┏━━

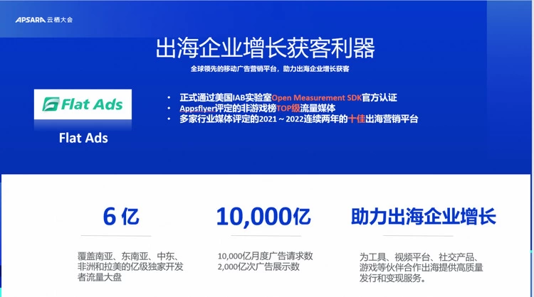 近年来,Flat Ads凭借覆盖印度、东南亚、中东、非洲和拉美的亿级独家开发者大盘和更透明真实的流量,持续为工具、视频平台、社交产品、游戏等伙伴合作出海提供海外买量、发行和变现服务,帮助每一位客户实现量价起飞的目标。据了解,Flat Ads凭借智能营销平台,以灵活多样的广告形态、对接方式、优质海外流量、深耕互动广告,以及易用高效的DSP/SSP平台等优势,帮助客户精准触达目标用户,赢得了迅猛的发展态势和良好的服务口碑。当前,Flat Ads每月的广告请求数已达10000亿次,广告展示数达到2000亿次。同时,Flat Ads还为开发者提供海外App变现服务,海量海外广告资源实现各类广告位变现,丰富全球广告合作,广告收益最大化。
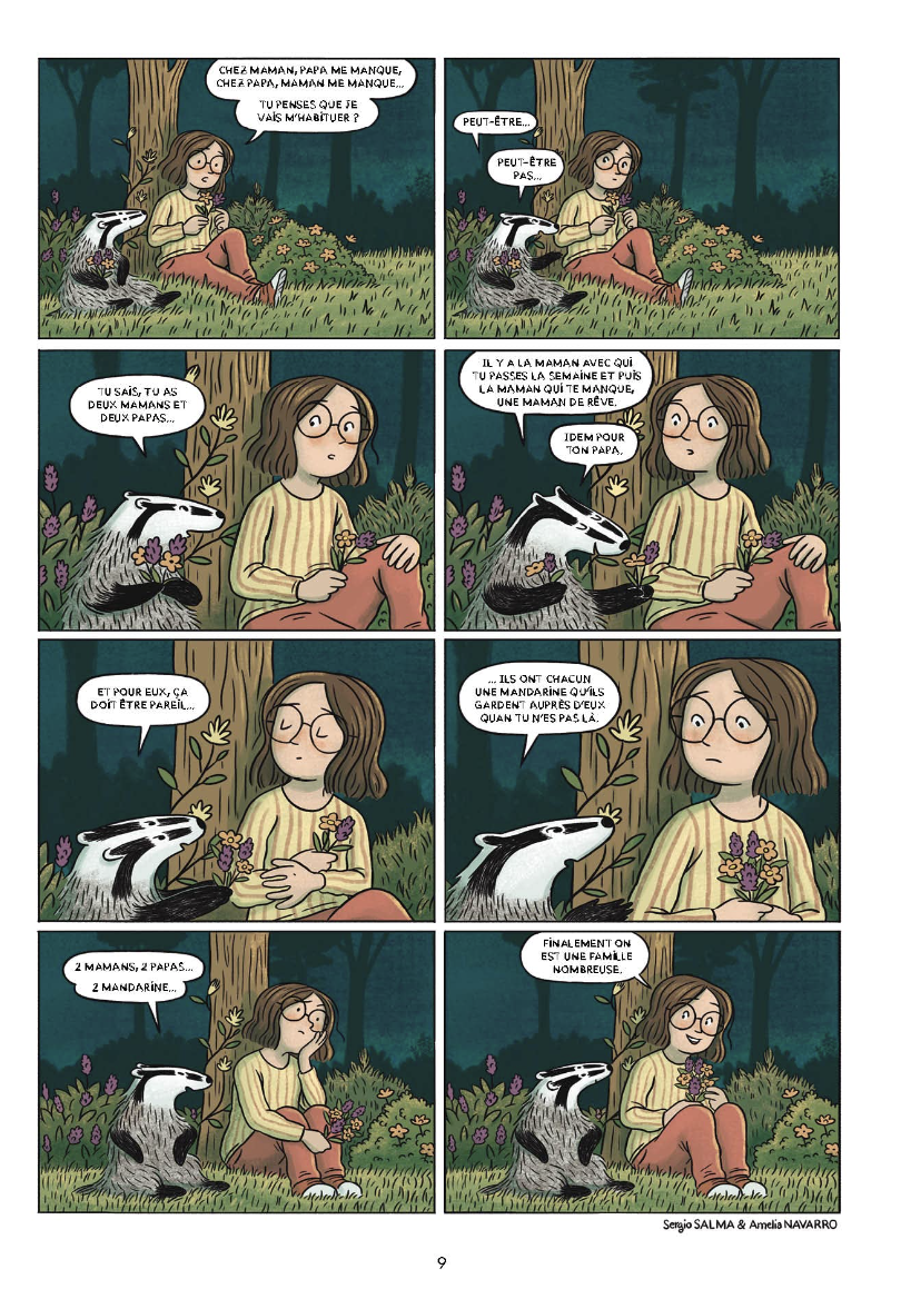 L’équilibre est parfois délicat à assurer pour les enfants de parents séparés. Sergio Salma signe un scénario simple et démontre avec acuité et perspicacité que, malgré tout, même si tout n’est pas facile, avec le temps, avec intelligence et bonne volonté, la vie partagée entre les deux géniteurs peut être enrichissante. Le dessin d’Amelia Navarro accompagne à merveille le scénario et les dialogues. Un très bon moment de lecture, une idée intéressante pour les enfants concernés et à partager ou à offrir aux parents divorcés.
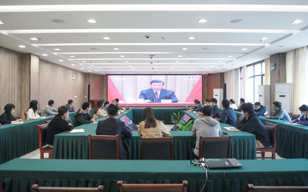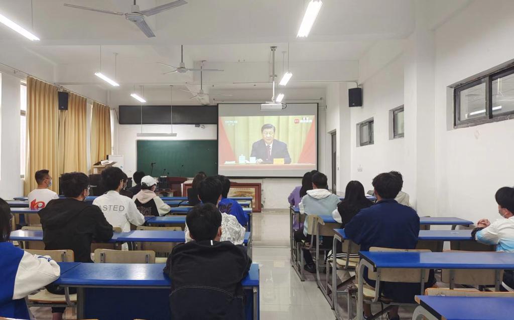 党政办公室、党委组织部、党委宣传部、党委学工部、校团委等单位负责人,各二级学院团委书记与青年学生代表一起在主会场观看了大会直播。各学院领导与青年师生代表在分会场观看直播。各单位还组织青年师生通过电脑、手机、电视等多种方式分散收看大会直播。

┗━━

• WHAT TO PRODUCE:
Print the listing exactly, images excluded.

• EXERCISE SOLUTION:
 近年来,Flat Ads凭借覆盖印度、东南亚、中东、非洲和拉美的亿级独家开发者大盘和更透明真实的流量,持续为工具、视频平台、社交产品、游戏等伙伴合作出海提供海外买量、发行和变现服务,帮助每一位客户实现量价起飞的目标。据了解,Flat Ads凭借智能营销平台,以灵活多样的广告形态、对接方式、优质海外流量、深耕互动广告,以及易用高效的DSP/SSP平台等优势,帮助客户精准触达目标用户,赢得了迅猛的发展态势和良好的服务口碑。当前,Flat Ads每月的广告请求数已达10000亿次,广告展示数达到2000亿次。同时,Flat Ads还为开发者提供海外App变现服务,海量海外广告资源实现各类广告位变现,丰富全球广告合作,广告收益最大化。
 L’équilibre est parfois délicat à assurer pour les enfants de parents séparés. Sergio Salma signe un scénario simple et démontre avec acuité et perspicacité que, malgré tout, même si tout n’est pas facile, avec le temps, avec intelligence et bonne volonté, la vie partagée entre les deux géniteurs peut être enrichissante. Le dessin d’Amelia Navarro accompagne à merveille le scénario et les dialogues. Un très bon moment de lecture, une idée intéressante pour les enfants concernés et à partager ou à offrir aux parents divorcés.
 党政办公室、党委组织部、党委宣传部、党委学工部、校团委等单位负责人,各二级学院团委书记与青年学生代表一起在主会场观看了大会直播。各学院领导与青年师生代表在分会场观看直播。各单位还组织青年师生通过电脑、手机、电视等多种方式分散收看大会直播。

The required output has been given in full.